## Exercise aim
In the listing below, the lines starting at the line with "Берем 2 чайные" and ending at the line with "Cheryl has developed" are to be output verbatim. Images stay out of the copy.

++++ Exercise inputs ++++

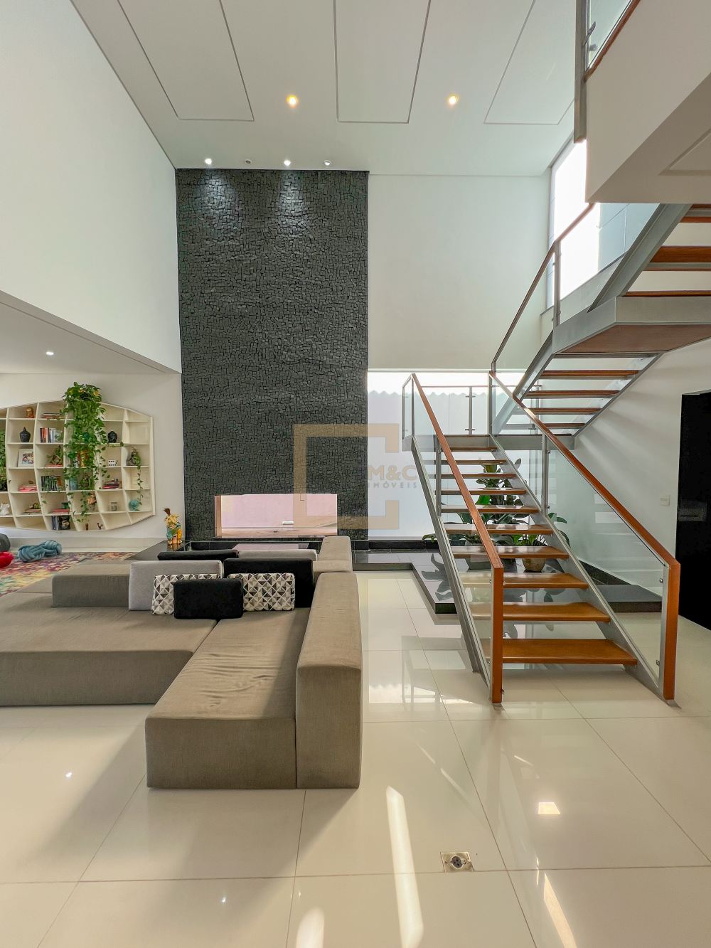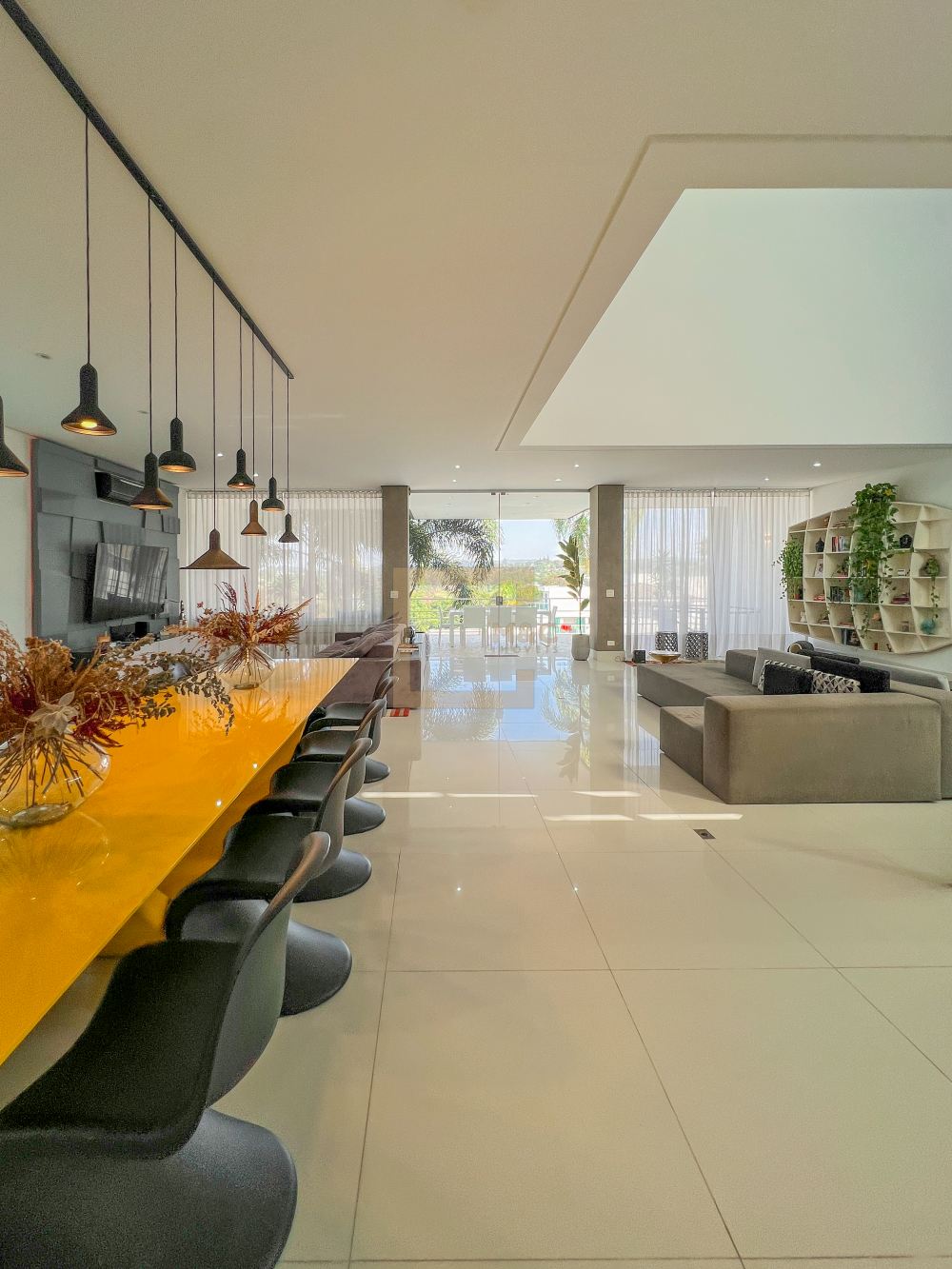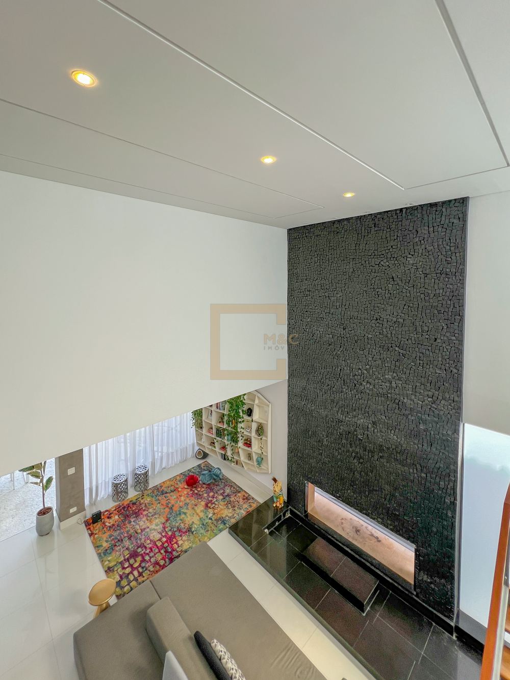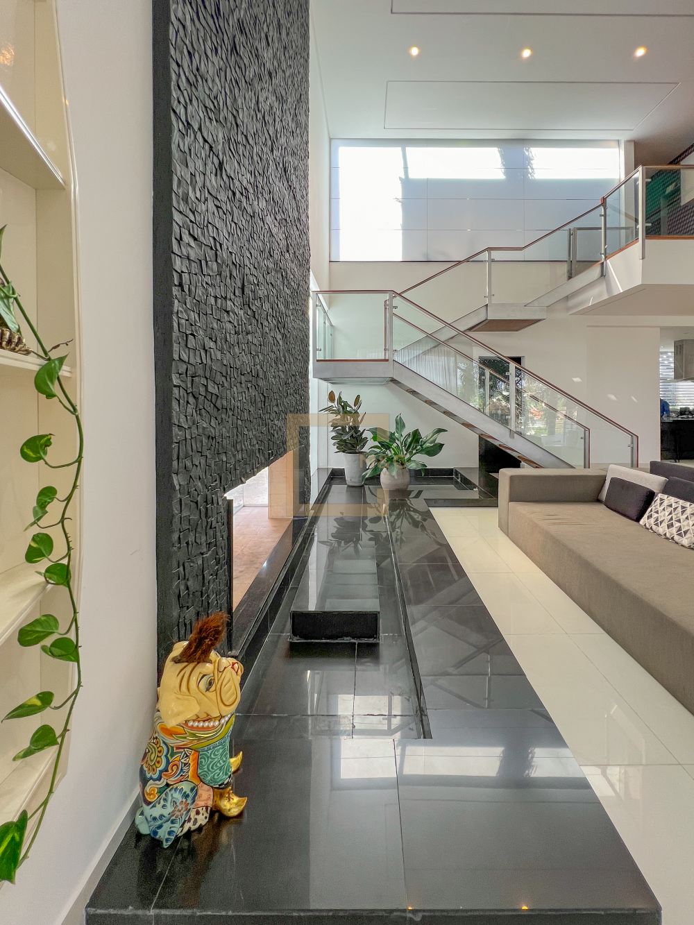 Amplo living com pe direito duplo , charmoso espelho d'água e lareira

++++
++++ Exercise inputs ++++

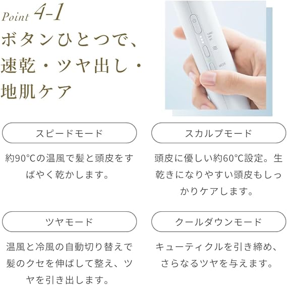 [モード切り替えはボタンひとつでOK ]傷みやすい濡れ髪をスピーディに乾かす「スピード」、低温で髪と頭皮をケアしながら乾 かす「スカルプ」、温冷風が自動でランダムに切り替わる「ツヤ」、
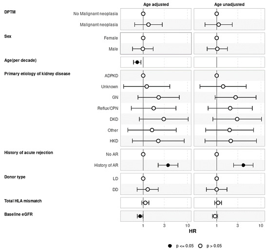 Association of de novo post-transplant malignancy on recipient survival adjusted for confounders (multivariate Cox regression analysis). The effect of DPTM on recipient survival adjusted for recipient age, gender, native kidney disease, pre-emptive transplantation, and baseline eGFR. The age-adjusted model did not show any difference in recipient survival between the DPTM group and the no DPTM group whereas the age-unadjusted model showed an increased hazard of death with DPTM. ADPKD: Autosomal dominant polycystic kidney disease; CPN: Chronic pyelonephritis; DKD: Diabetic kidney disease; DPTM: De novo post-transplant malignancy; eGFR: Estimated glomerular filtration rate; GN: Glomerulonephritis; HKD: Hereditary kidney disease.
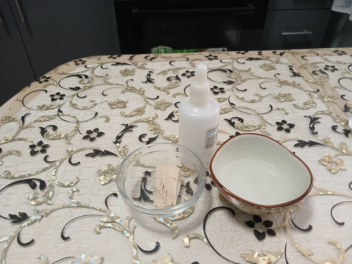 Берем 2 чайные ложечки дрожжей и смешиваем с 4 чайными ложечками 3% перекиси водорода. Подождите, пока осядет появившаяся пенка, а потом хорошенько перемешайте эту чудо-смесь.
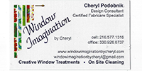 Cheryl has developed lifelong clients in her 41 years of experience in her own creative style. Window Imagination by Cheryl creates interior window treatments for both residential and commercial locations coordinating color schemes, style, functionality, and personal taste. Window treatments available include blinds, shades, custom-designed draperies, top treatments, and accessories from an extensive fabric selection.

++++

## Exercise result
 Берем 2 чайные ложечки дрожжей и смешиваем с 4 чайными ложечками 3% перекиси водорода. Подождите, пока осядет появившаяся пенка, а потом хорошенько перемешайте эту чудо-смесь.
 Cheryl has developed lifelong clients in her 41 years of experience in her own creative style. Window Imagination by Cheryl creates interior window treatments for both residential and commercial locations coordinating color schemes, style, functionality, and personal taste. Window treatments available include blinds, shades, custom-designed draperies, top treatments, and accessories from an extensive fabric selection.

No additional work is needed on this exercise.